Laurie: Given the new information from the election results and the Fed, are there any changes to your long-term view?

Brian:  We think, tactically, this creates a chance for volatility if we don’t see Congress and the President coming to a stimulus agreement before the holidays. But we think that medium- to long-term, conditions are still favorable for risky assets like equities, because if Congress doesn’t act, the Fed might.

Considering gridlock should broadly maintain the status quo in terms of legislation, especially tax legislation, and the only thing likely to come out of a divided government would be like an executive order or pieces of legislation that have bipartisan support, we think it’s long-term positive for equities. The near-term risks are considerable, though.

Laurie: What do you think investors should keep top of mind about their portfolio risk exposures, both equity and fixed income?

Brian: When we look at the balance of risks, central banks are staying accommodative, the political picture is beginning to clear, and the economy should continue to heal.
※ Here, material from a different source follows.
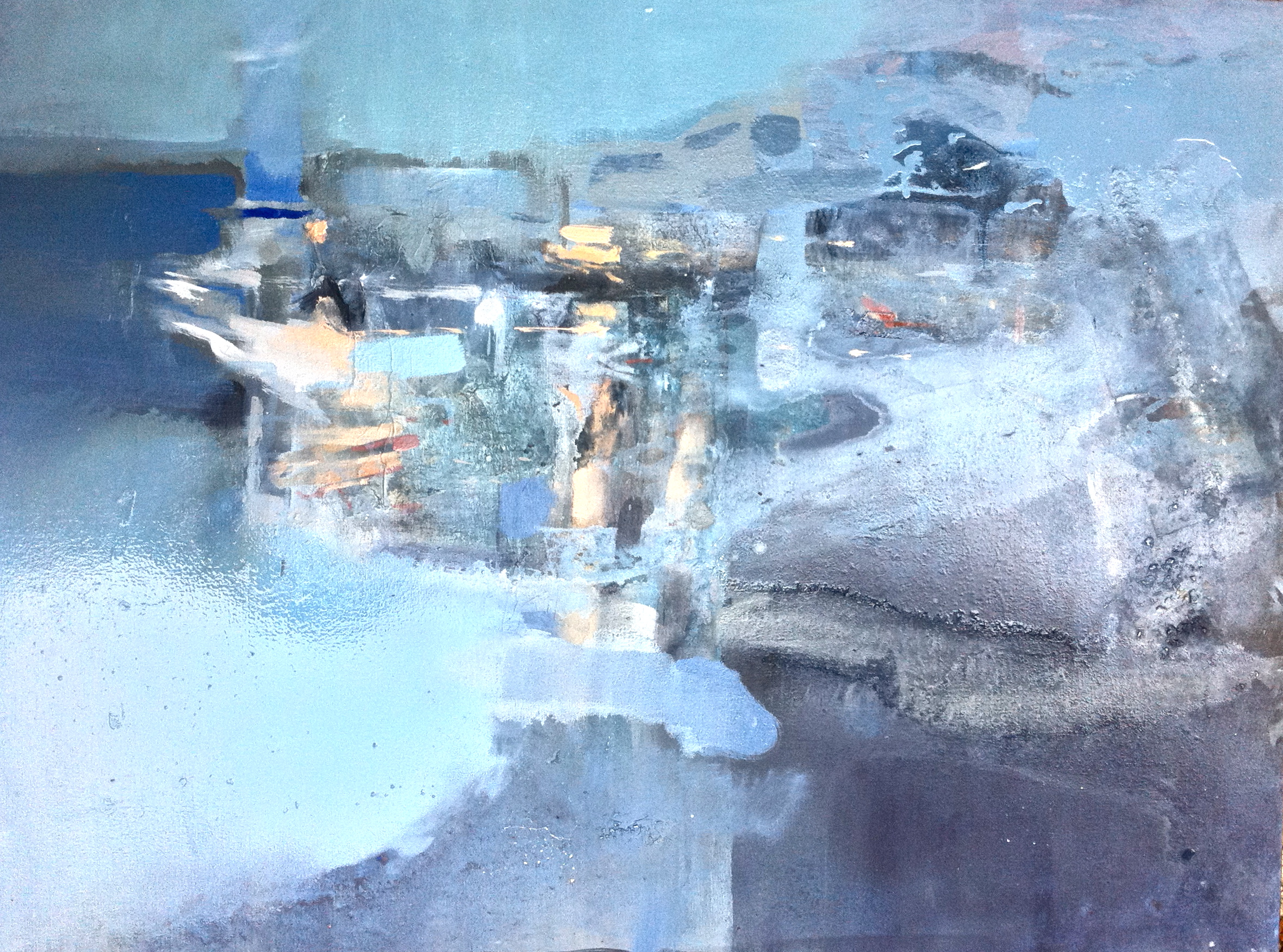 In these last layers I gradually intensified the colour however at present it is too colourful. I poured several wet in wet colours together hoping they would suggest reflection. Missing is the sense of shallow water although the illusion of varying depth is working. I want the paint fresher and crisper as well as mark making which is too furry in places. This will come about when I reintroduce grey tones that allow the colour breathing space. Line created with an oil painting stick may definite a statement directly.

For us, it means we expect rates could rise, as we look out a year, while equities also rise. We’d rather take on equity and credit risk than take on too much interest rate risk. Within equities, we do think cyclicals, like small cap, value, and emerging markets, will have their time to shine.

Laurie: Before we end, do you have any last thoughts for our listeners?

Brian: Balance is really important, but so is patience. Psychologically, we’re prone to procrastinating and to thinking that there are more near-term risks than long-term risks. It doesn’t help that we seem to move breathlessly from one apparent crisis to the next. So don’t let near-term worry distract you from your long-term goals.

Laurie Thank you again, Brian, for sharing your perspective about the election results and what it may mean for the markets and portfolios.

Brian: Thanks so much! It was great being here.

Laurie: That wraps up this episode of On the Trading Desk. If you’d like to read Brian Jacobsen’s weekly blog, you can visit our AdvantageVoice® blog. Our full range of Investment Perspectives can be found by visiting

To stay connected to On the Trading Desk and listen to both past and future episodes of our program, you may subscribe to the podcast on iTunes, Stitcher, or Overcast. Until next time, I’m Laurie King; take care.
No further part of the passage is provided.